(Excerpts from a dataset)
****************************************

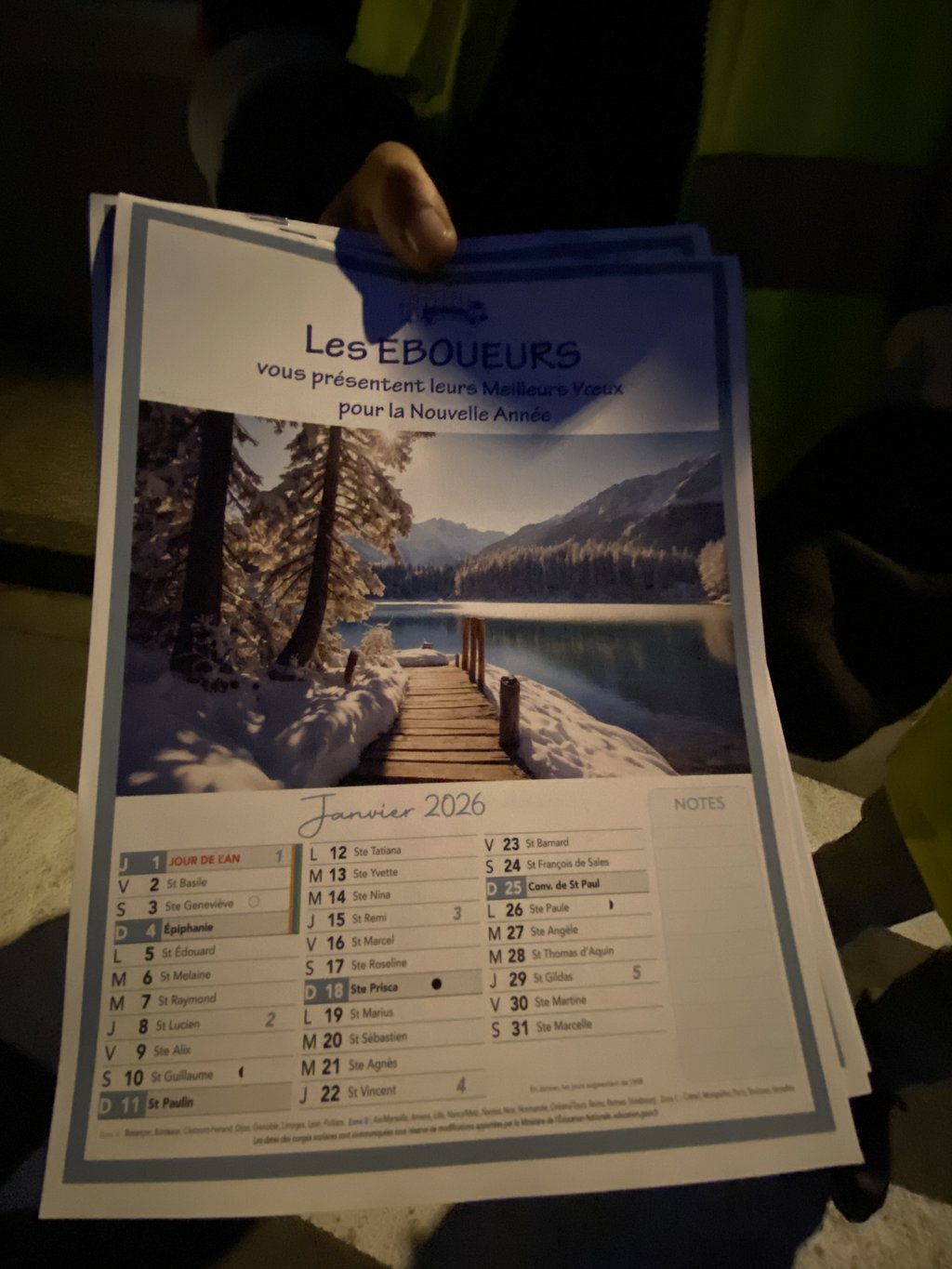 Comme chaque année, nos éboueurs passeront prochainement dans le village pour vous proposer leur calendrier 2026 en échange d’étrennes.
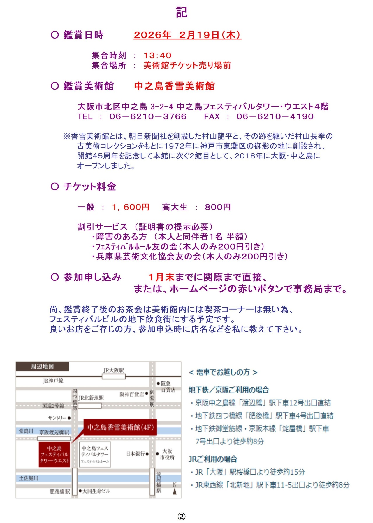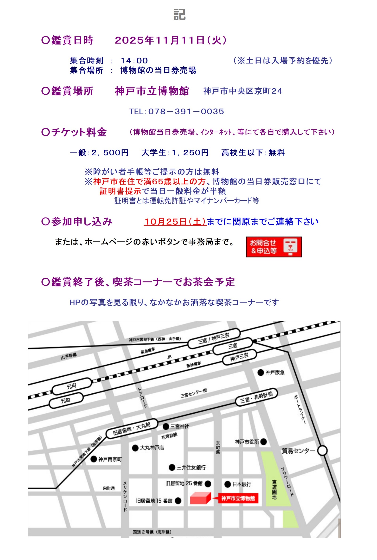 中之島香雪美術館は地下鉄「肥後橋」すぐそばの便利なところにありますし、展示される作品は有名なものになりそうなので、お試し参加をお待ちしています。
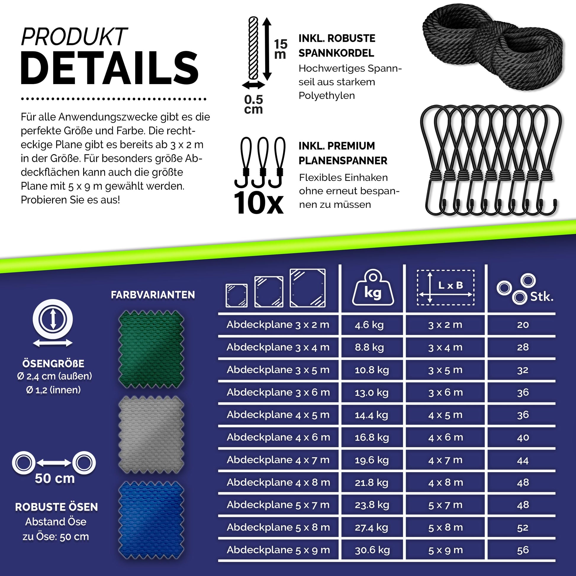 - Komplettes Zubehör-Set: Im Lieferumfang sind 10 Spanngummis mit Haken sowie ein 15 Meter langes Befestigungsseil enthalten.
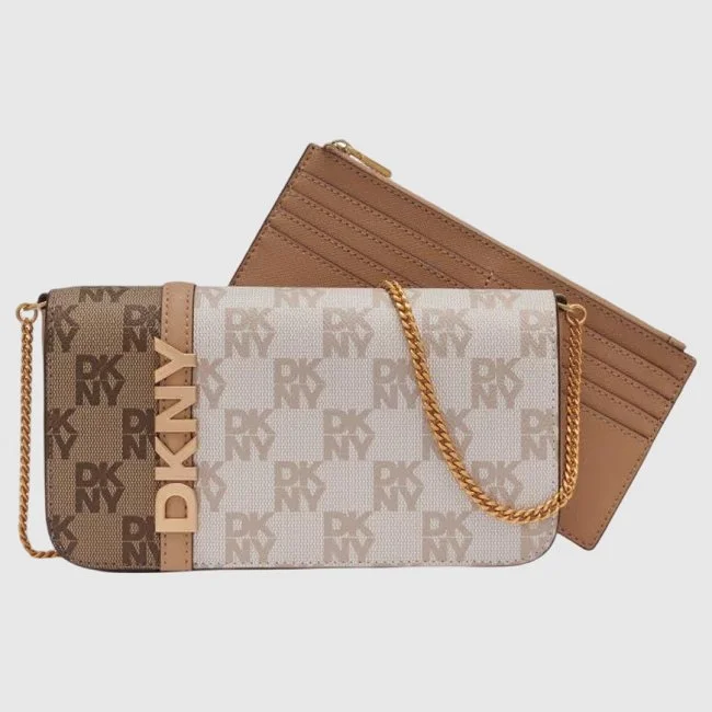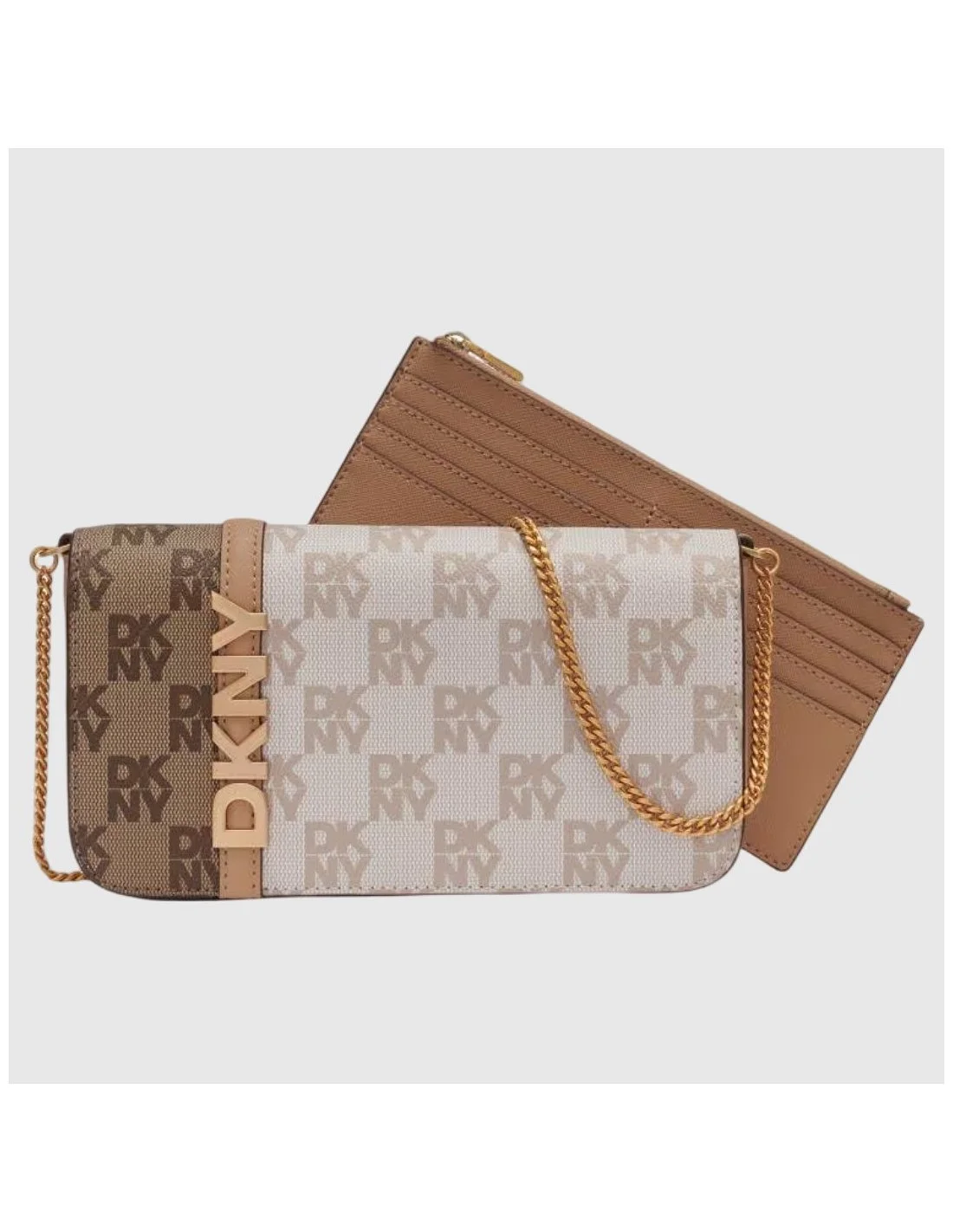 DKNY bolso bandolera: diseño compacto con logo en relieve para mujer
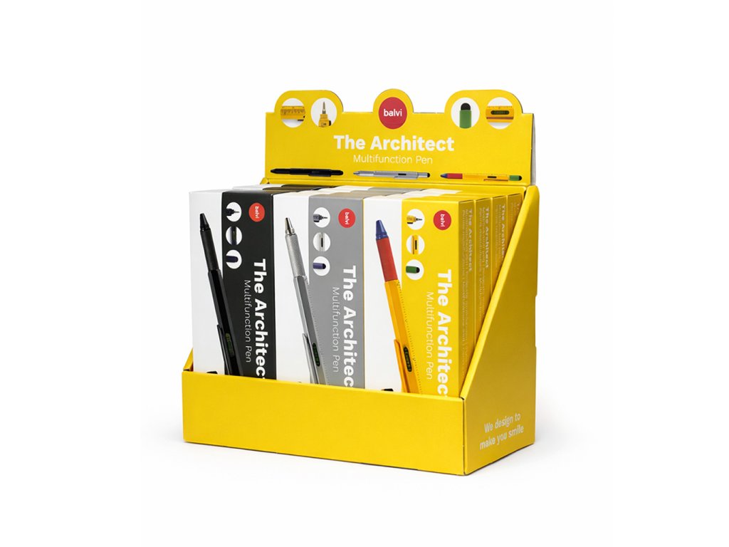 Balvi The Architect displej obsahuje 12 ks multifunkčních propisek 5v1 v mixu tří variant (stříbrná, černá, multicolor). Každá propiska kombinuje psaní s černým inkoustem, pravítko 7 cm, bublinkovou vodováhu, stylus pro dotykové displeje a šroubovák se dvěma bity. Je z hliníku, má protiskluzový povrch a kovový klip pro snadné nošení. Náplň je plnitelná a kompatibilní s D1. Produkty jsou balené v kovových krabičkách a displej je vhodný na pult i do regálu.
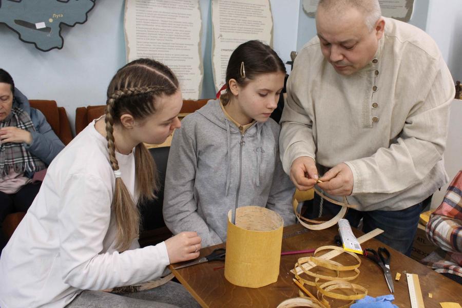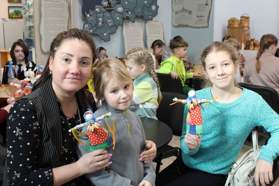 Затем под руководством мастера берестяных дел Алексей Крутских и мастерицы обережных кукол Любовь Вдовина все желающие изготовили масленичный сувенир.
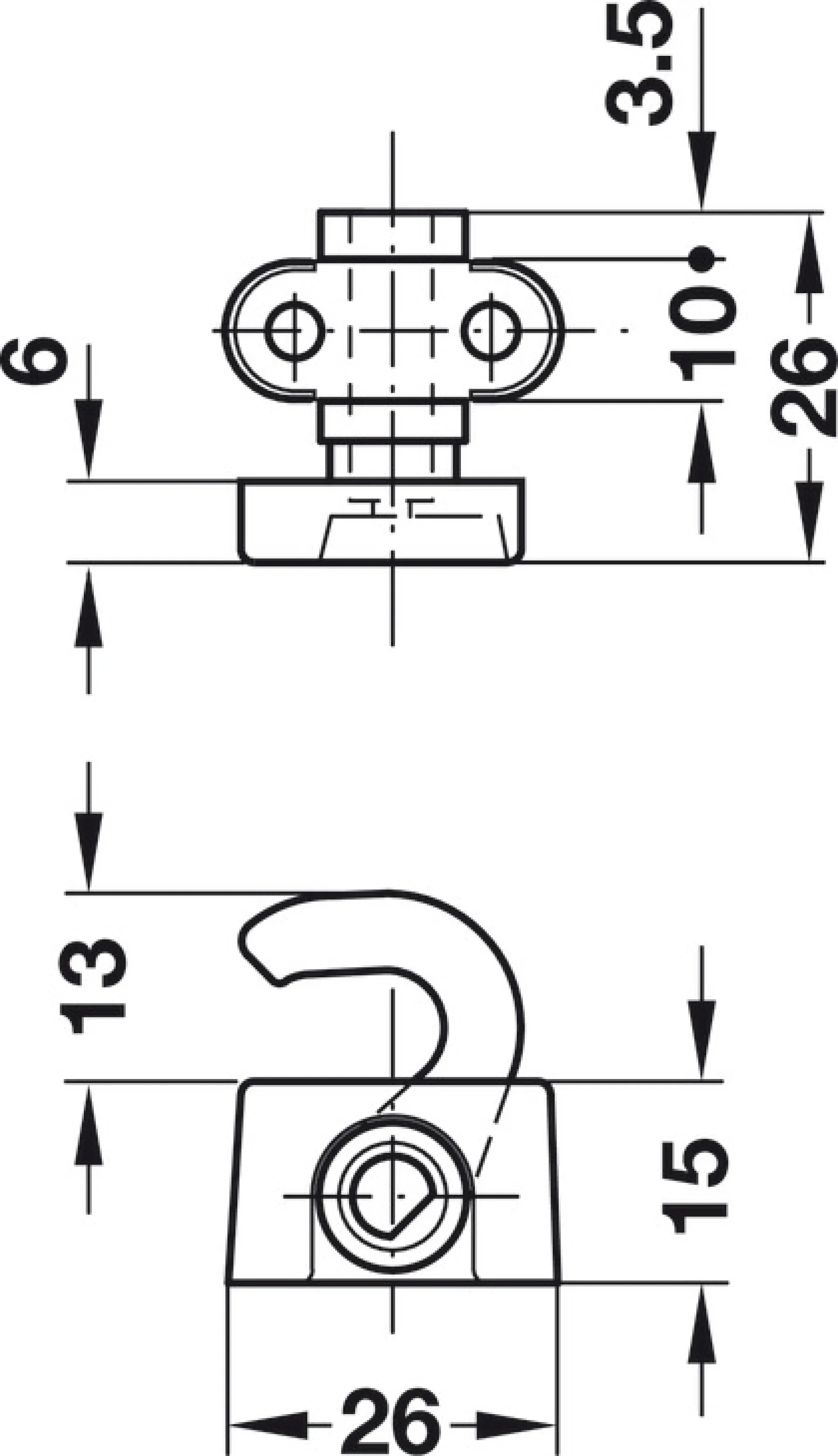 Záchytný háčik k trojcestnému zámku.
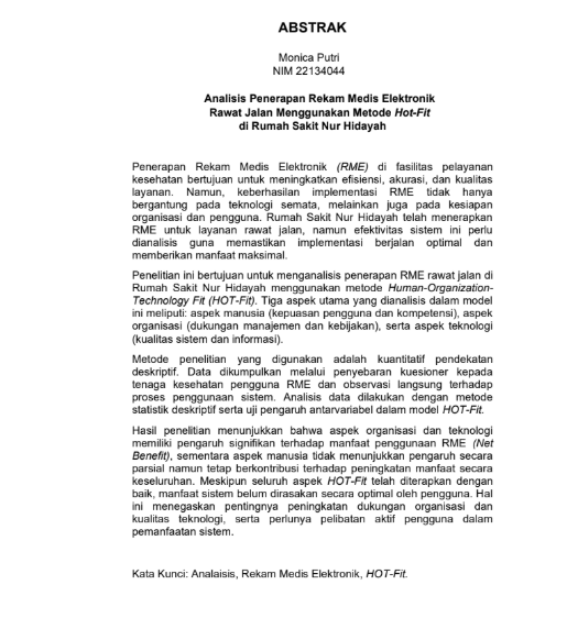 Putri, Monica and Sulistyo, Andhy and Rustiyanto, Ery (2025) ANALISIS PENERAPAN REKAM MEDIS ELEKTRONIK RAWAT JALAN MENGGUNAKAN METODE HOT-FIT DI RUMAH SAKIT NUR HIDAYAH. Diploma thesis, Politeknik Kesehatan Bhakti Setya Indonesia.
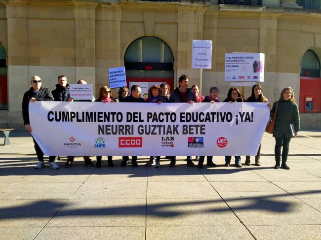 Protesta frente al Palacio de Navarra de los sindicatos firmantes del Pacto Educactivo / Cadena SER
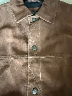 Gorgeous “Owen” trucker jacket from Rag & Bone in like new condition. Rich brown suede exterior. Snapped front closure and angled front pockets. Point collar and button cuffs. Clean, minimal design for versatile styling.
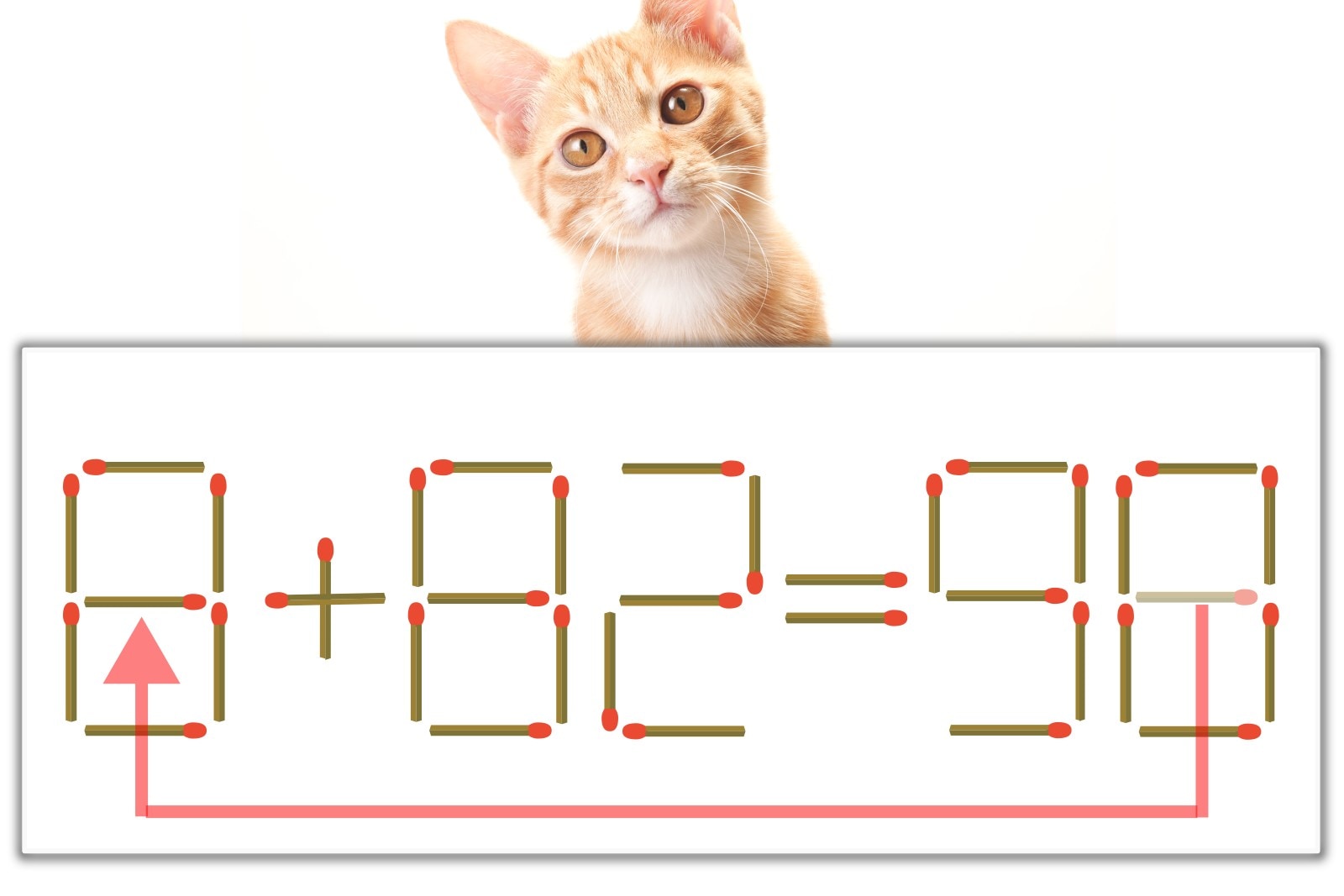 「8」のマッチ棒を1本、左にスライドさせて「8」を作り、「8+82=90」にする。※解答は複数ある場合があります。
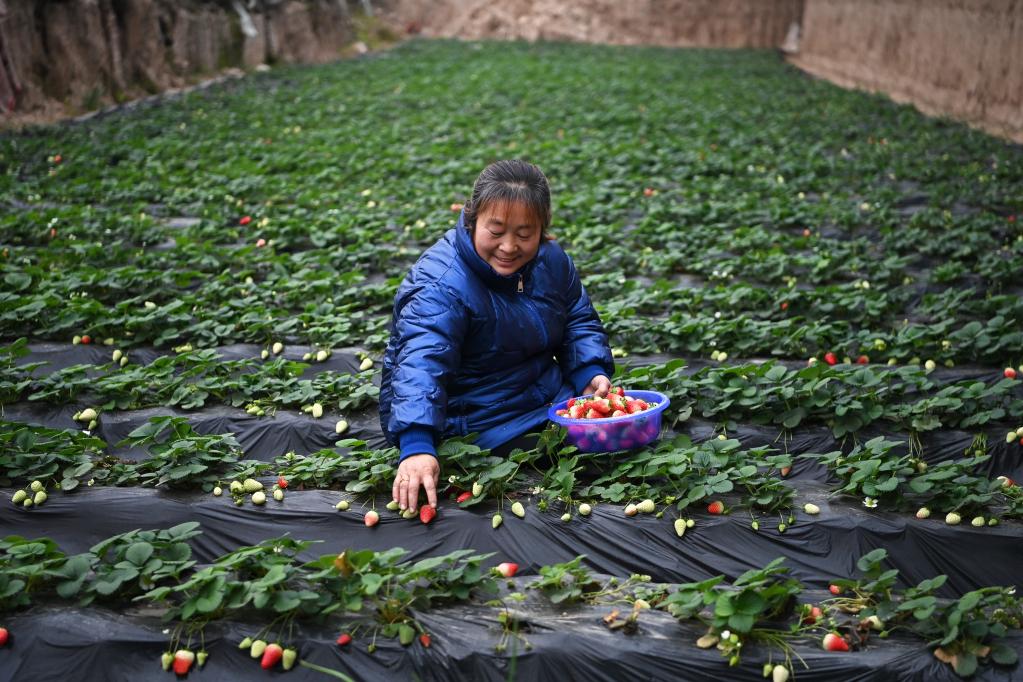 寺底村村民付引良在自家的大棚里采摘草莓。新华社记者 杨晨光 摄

****************************************

> **YOUR INSTRUCTIONS**:
Would you reproduce, exactly and with nothing added, every line from the beginning of the entries above through the line that contains "DKNY bolso bandolera: diseño", both included, leaving out the pictures?

> **EXERCISE SOLUTION**:
 Comme chaque année, nos éboueurs passeront prochainement dans le village pour vous proposer leur calendrier 2026 en échange d’étrennes.
 中之島香雪美術館は地下鉄「肥後橋」すぐそばの便利なところにありますし、展示される作品は有名なものになりそうなので、お試し参加をお待ちしています。
 - Komplettes Zubehör-Set: Im Lieferumfang sind 10 Spanngummis mit Haken sowie ein 15 Meter langes Befestigungsseil enthalten.
 DKNY bolso bandolera: diseño compacto con logo en relieve para mujer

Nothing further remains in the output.